WORK REQUEST: Return the full listing word for word, but drop every picture from it.

GIVEN DATA:
┄┄┄┄┄┄┄┄┄┄

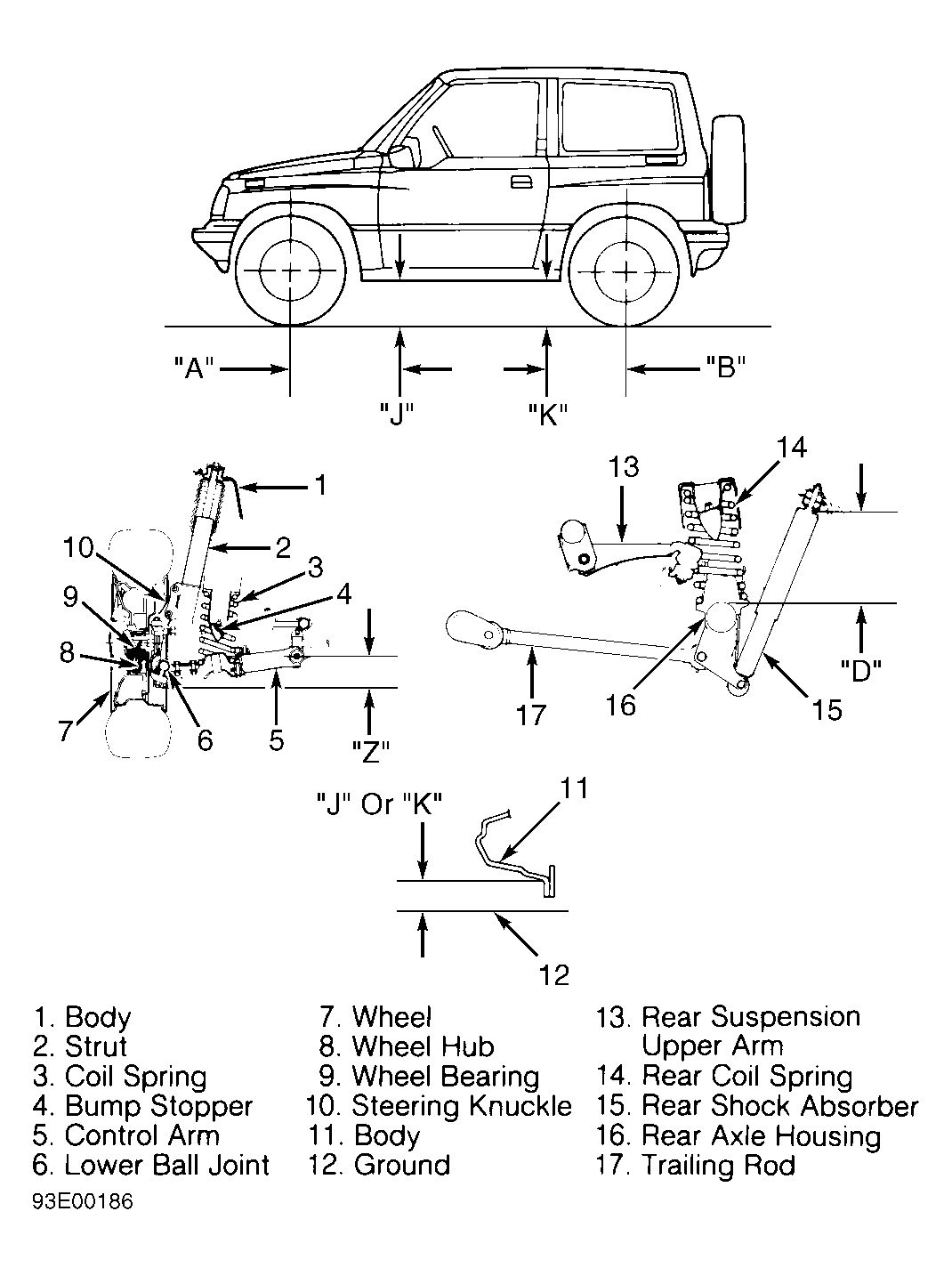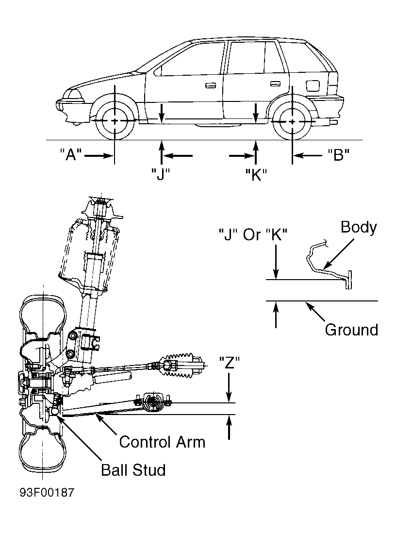 Visually inspect vehicle for signs of abnormal height from front to rear or side to side. Check passenger and luggage compartments for extra heavy items, and remove items if present. If riding height is not within specification, check, repair or replace suspension components. True riding height should be an average of several measurements.
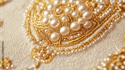 Obraz premium Elegant embroidery with golden threads and pearls for luxurious textile design
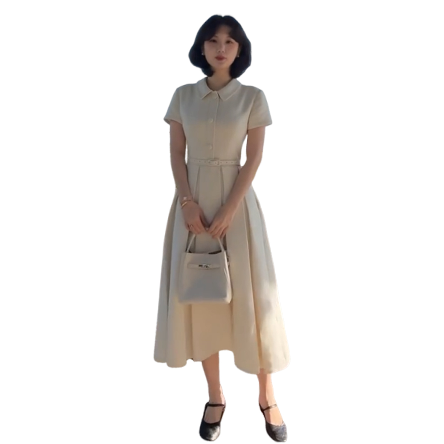 BY13725# 法式高级感polo领连衣裙子女夏季新款小个子气质绝美收腰长裙 服裝批發女裝批發服飾貨源

┄┄┄┄┄┄┄┄┄┄

SOLUTION TO THIS PROBLEM:
 Visually inspect vehicle for signs of abnormal height from front to rear or side to side. Check passenger and luggage compartments for extra heavy items, and remove items if present. If riding height is not within specification, check, repair or replace suspension components. True riding height should be an average of several measurements.
 Obraz premium Elegant embroidery with golden threads and pearls for luxurious textile design
 BY13725# 法式高级感polo领连衣裙子女夏季新款小个子气质绝美收腰长裙 服裝批發女裝批發服飾貨源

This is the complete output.